» Instructions for the task
The line with "เข้ารักษา : สัตว์เลี้ยงจะถูกส่งไปยังห้องที่ผู้ใช้งานเลือก" starts the range, and the last line of the listing ends it. Retype that range exactly, without pictures.

» Data below
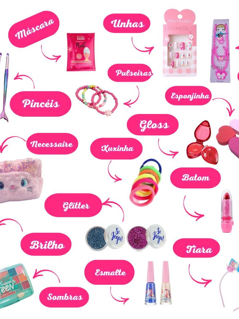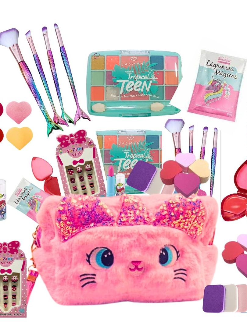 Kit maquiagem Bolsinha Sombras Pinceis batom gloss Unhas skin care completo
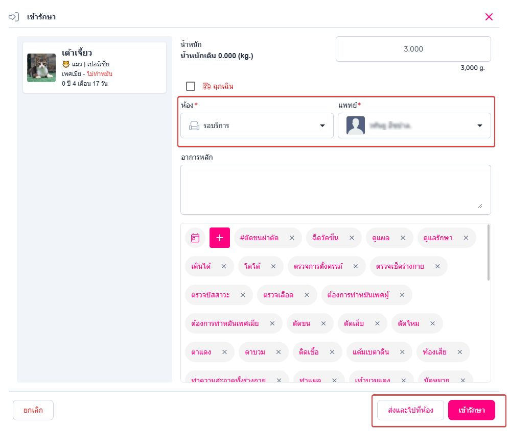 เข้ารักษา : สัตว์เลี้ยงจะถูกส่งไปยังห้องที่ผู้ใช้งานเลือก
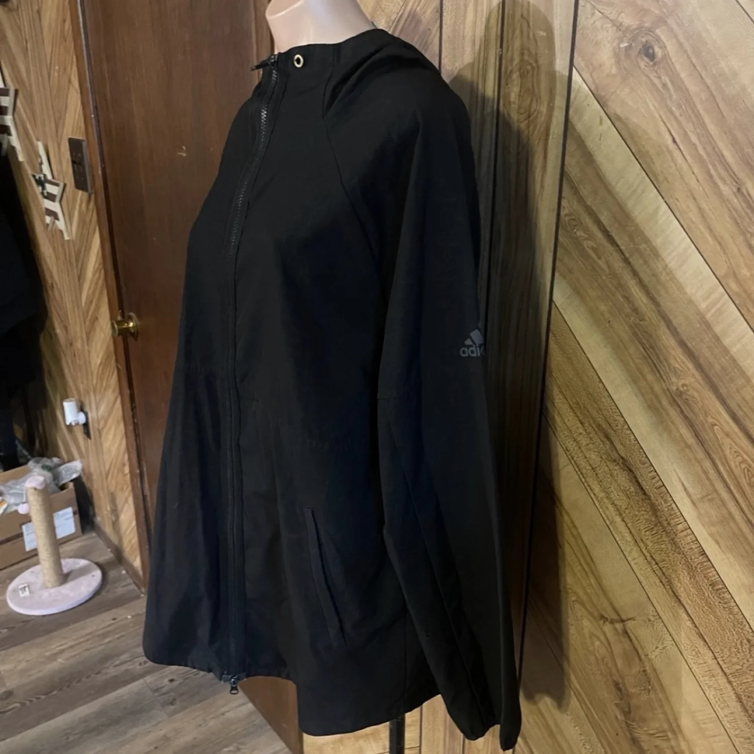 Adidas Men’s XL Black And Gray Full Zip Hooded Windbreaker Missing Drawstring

» Output for this exercise
 เข้ารักษา : สัตว์เลี้ยงจะถูกส่งไปยังห้องที่ผู้ใช้งานเลือก
 Adidas Men’s XL Black And Gray Full Zip Hooded Windbreaker Missing Drawstring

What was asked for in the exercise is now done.